At the bottom of a roller coaster loop, the normal force is greater than the weight (mg) of the object undergoing circular motion. This is necessary to provide the centripetal force required to keep the object moving in a circular path.
In circular motion, there must be a net inward force acting on the object, directed toward the center of the circle. This force is called the centripetal force. In the case of a roller coaster loop, the centripetal force is provided by the combination of the normal force and the force of gravity.
The normal force is the force exerted by a surface perpendicular to the object in contact with it. In the case of a roller coaster, the normal force acts in an upward direction from the track to counteract the force of gravity pulling the object downward.
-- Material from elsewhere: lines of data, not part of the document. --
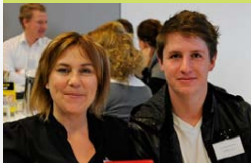
Greenhouse Emporium proudly receive their award.
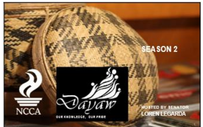
USB Card front layout
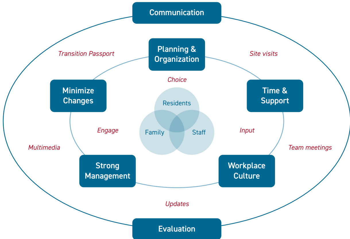
Figure 2: Preliminary Schematic of En Masse Interinstitutional Relocation Themes
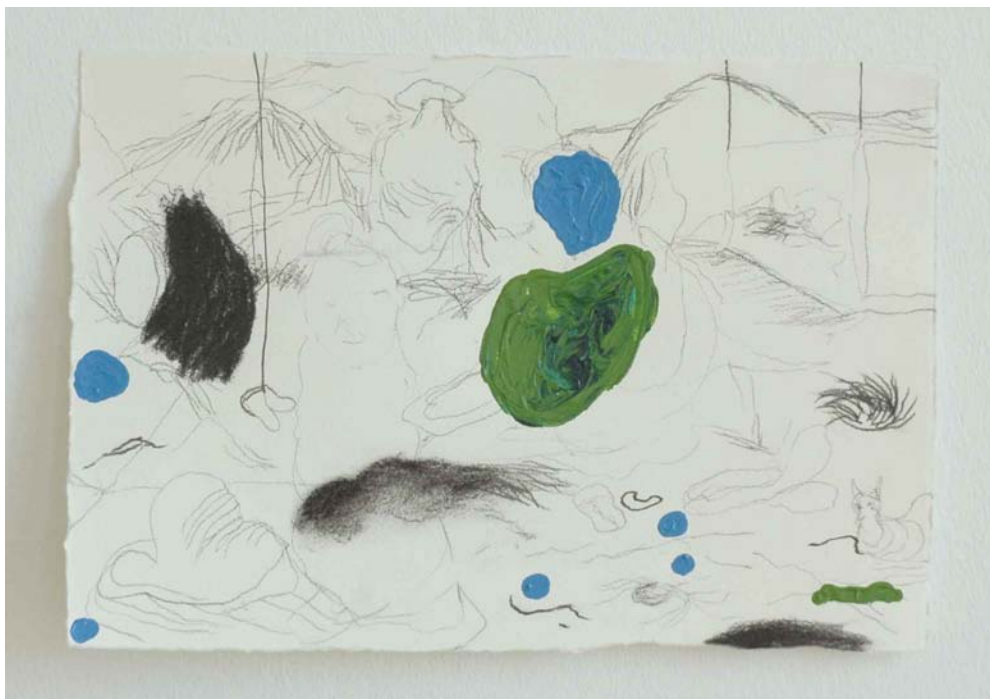
coal and acrylic on paper 27 cm x 39 cm
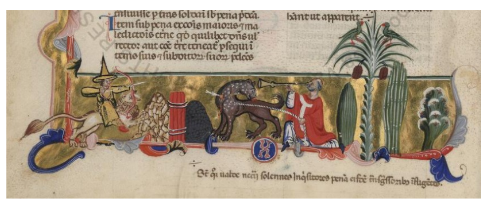
Fig. 18. Mongol riding a lion shooting arrows at a panther held on a rope by a cleric.

Correspondingly, folio 7v. of Vat. Lat. 2972 of Sanudo's Liber secretorum , includes a Mongol, armed with his infamous bow, valiantly riding in on a lion to
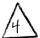
EXHIBIT NO. 02
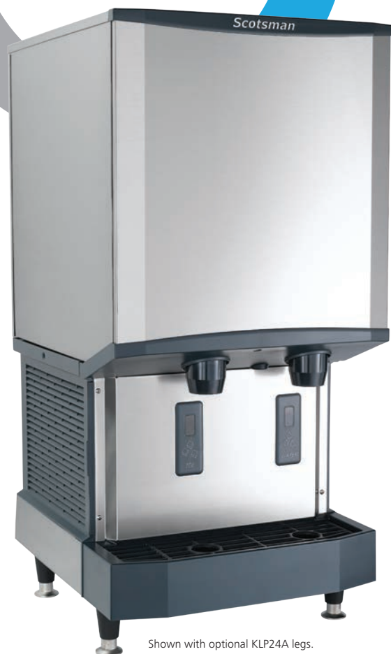
Shown with optional KLP24A legs.

At the bottom of the loop, the object experiences an apparent weight increase due to the combination of the acceleration from the circular motion and the force of gravity. This apparent weight increase is greater than the actual weight of the object (mg) and is given by:
Apparent weight = Normal force - Weight
To maintain circular motion, the apparent weight must provide the necessary centripetal force. Therefore, the normal force must be greater than the weight to provide the additional upward force required for the object to follow the curved path without falling off the track.
In summary, the normal force is greater than the weight at the bottom of a roller coaster loop to provide the additional force (centripetal force) necessary for the object to maintain circular motion and prevent it from leaving the track.